The repository housed a comprehensive collection of multi-modal genomic data, including whole-genome sequences, exome captures, and RNA-Seq transcriptome profiles from tumor and matched normal tissues. All data were aligned to the standard GRCh37 human reference genome and followed strict quality control protocols established by the Broad Institute and other sequencing centers. In addition to raw sequence files, the hub provided essential metadata, clinical annotations, and validated mutation calls, which were crucial for studies published in journals like Nature (journal) and Science (journal). This resource empowered investigations into driver mutations, molecular subtypes, and the genomic basis of drug response across cancers such as glioblastoma, lung cancer, and breast cancer.

Access and Usage

Access to the hub's data was governed by the National Institutes of Health's data sharing policies, requiring researchers to apply through the Database of Genotypes and Phenotypes system. Authorized users could search, browse, and download datasets via a web portal or using specialized command-line tools compatible with high-performance computing environments. The system supported the Cancer Genomics Cloud pilots and integrated with analysis platforms like the UCSC Genome Browser and the Integrative Genomics Viewer. This framework ensured compliance with patient privacy regulations such as the Health Insurance Portability and Accountability Act while maximizing the utility of the data for global research consortia.

Scientific Impact

The availability of data through the hub directly fueled a transformative period in cancer research, leading to seminal papers in Cell (journal) and the New England Journal of Medicine. It enabled the discovery of novel cancer genes, the characterization of mutational signatures associated with tobacco or UV light, and the development of prognostic biomarkers. Research facilitated by the hub contributed to the foundation of precision oncology initiatives at major centers like the Memorial Sloan Kettering Cancer Center and the Dana-Farber Cancer Institute, influencing clinical trial design for targeted therapies and immunotherapy.

Technical Infrastructure

The hub's infrastructure was built on a scalable, secure architecture designed to manage petabytes of data. It utilized distributed storage systems and was hosted in partnership with the Texas Advanced Computing Center. Data transfer was optimized using the Aspera high-speed protocol and the GeneTorrent system, which were essential for handling large BAM files and FASTQ files. The backend employed robust database systems to track complex metadata, ensuring data integrity and reproducibility for projects like the International Cancer Genome Consortium.

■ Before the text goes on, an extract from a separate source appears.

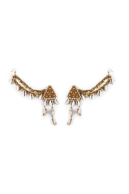 Studded with pearls and shells, Unique ear chain design, Intricate bead and sequins work
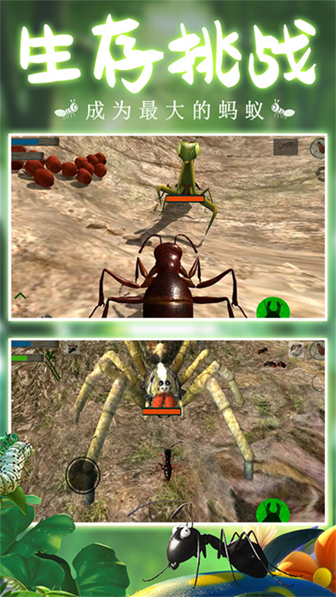《模拟蚂蚁大作战》是一款模拟经营类游戏,玩家将扮演蚂蚁巢穴的领导者,指挥你的蚂蚁大军进行各种生存挑战和战斗。在这个充满挑战和未知的世界里,你需要合理规划资源,发展你的蚂蚁帝国,并与其他生物争夺生存空间。

The hub's operational model and success informed subsequent, larger-scale genomic data commons. It was a direct precursor to the NCI Genomic Data Commons, launched in 2016, which expanded its scope and adopted more advanced data harmonization practices. Other related endeavors include the European Genome-phenome Archive, the cBioPortal for Cancer Genomics, and the ICGC Data Portal. These projects collectively represent the ongoing evolution of international efforts, such as the All of Us Research Program, to leverage genomic big data for understanding human disease.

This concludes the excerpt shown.